1-3 Cups of Snow (make sure it's clean!) 
1/2 Cup Whipping Cream or evaporated milk or some mixture thereof
1 T. Sugar 
a few drops Vanilla flavoring depending on how much snow is used

Mix the milk/cream, sugar, and vanilla. Slowly add snow to desired consistency and taste.


----------



## BubbaGourmet (Feb 26, 2004)

kitchenelf;
How much snow are you getting in this latest batch?
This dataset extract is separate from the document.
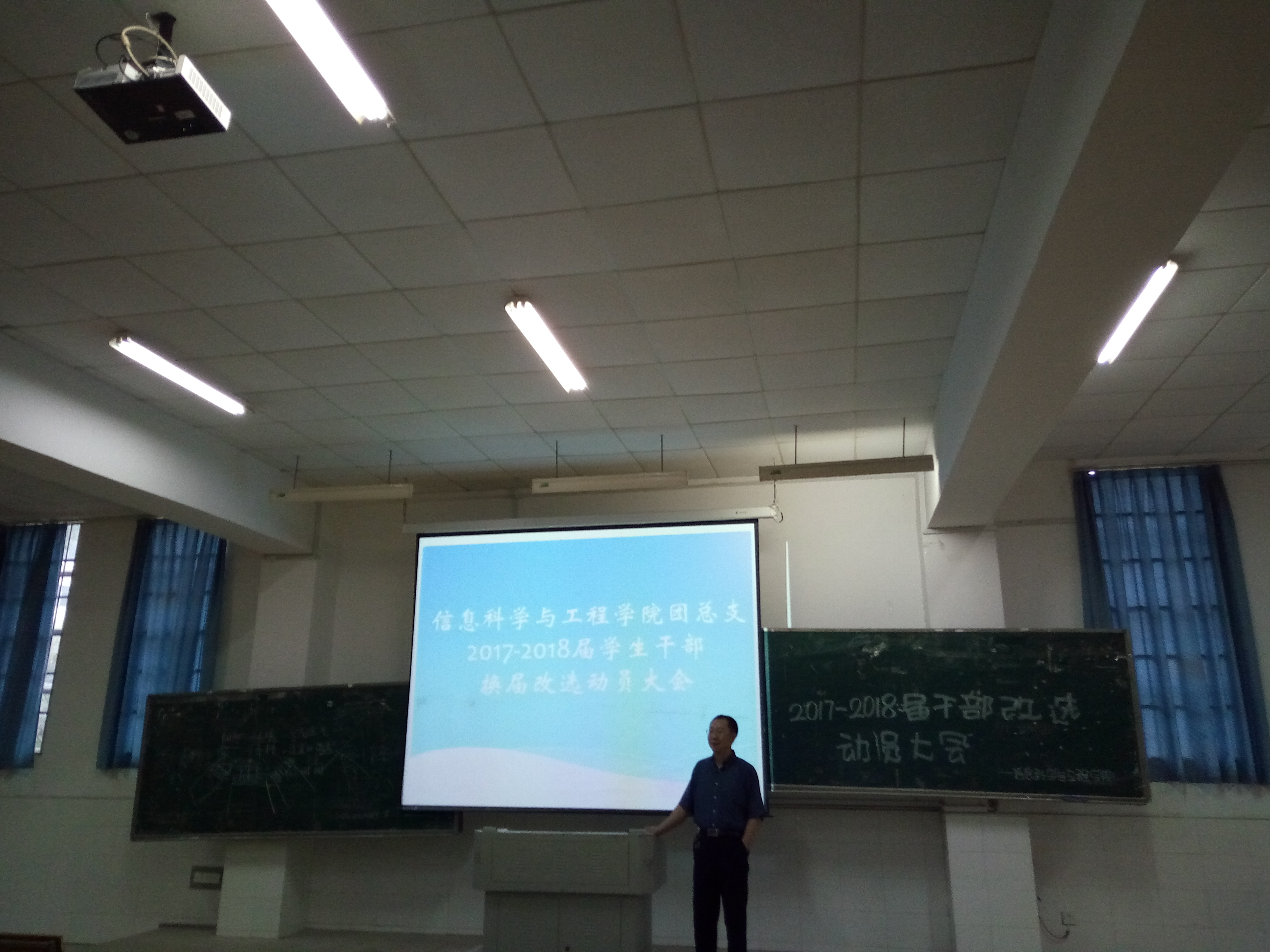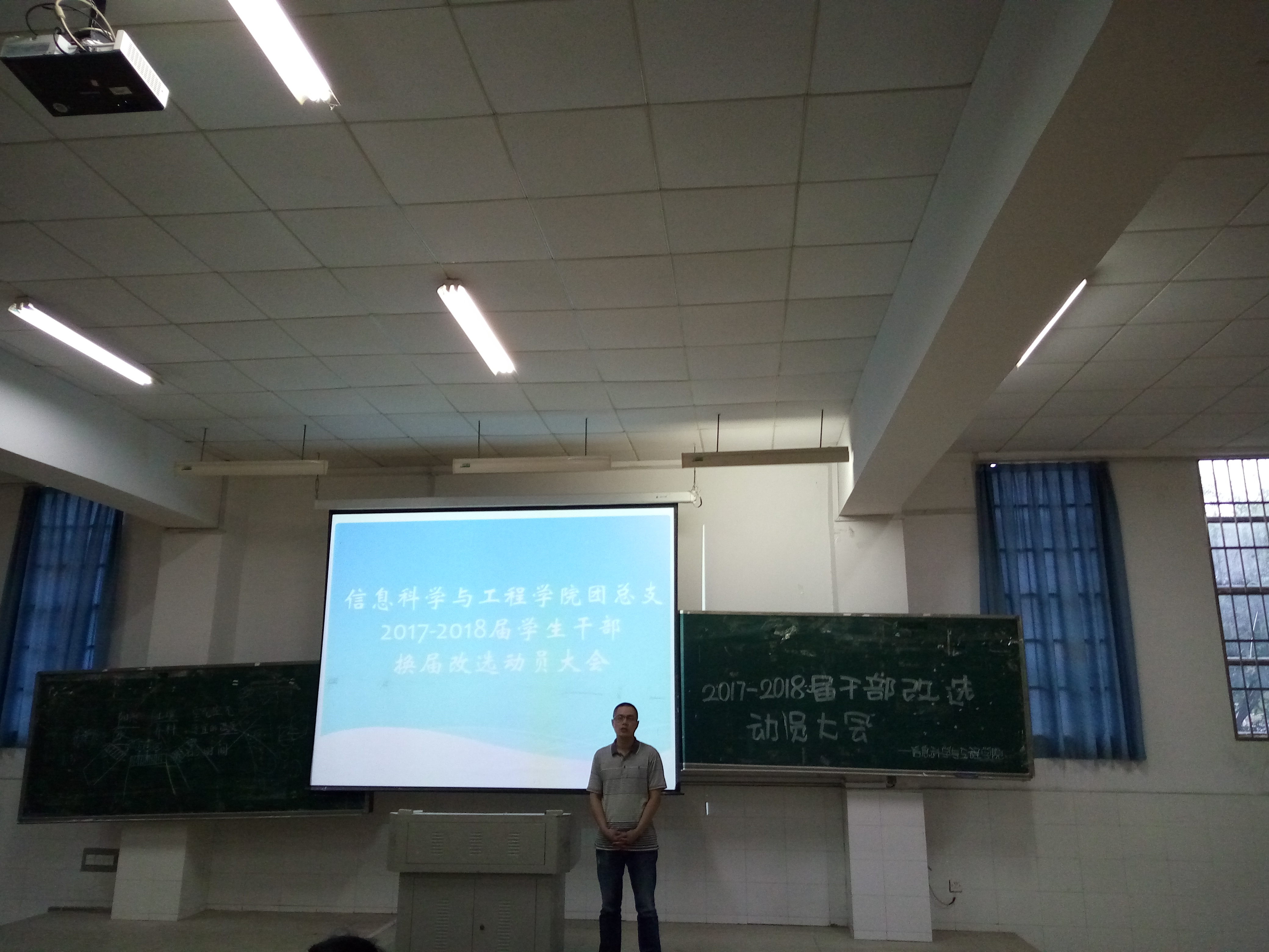 (通讯员龙紫荆) 为推动我院2017-2018届学生干部换届改选工作顺利完成,信息科学与工程学院于2017年6月14日晚6点在实验楼C栋101教室召开学生干部换届改选动员大会。学院党总支书记王杰文,副书记罗祥云出席会议并作动员讲话。团总支书记李豪杰及2016-2017届全体学生干部与助理参加了此次大会。

We didn't get any but we had gale force PLUS winds all day and wicked cold to boot!


----------



## kitchenelf (Feb 26, 2004)

We're at 6"+ and climbing Bubba - I was sitting on the couch and watched out in the street and it was blowing sideways - then I looked closer to the house and it was coming straight down!  LOL  Quite a show.  Just heard on the news that Charlotte (and we're next) is going to be getting 1" - 2" every hour for the next several hours.  A.J. said we were supposed to get 12" and I think he's going to be right.  AND in the storm going through Charlotte right now there is thunder and lightening along with that snowfall - and don't they say that when you have thunder and lightening during a snow storm you will have snow again in 2 weeks (or is it 3 weeks).  I dunno.  It's beautiful and I thought I was out of bread but I saw a loaf in the freezer - guess I'll take it out  :roll: 

Just looked outside and it's still coming down - I thought it stopped but then realized that I wasn't looking up at the street light - boy is it coming down!


----------



## BubbaGourmet (Feb 27, 2004)

Okay, got the word from our daughter in Raleigh that they are at almost 6 inches. We got bypassed (Thank You God) but the gale force winds that were supposed tol lie down last night...never did. Still gusting up to 50 mph here. Beach is getting shredded.


----------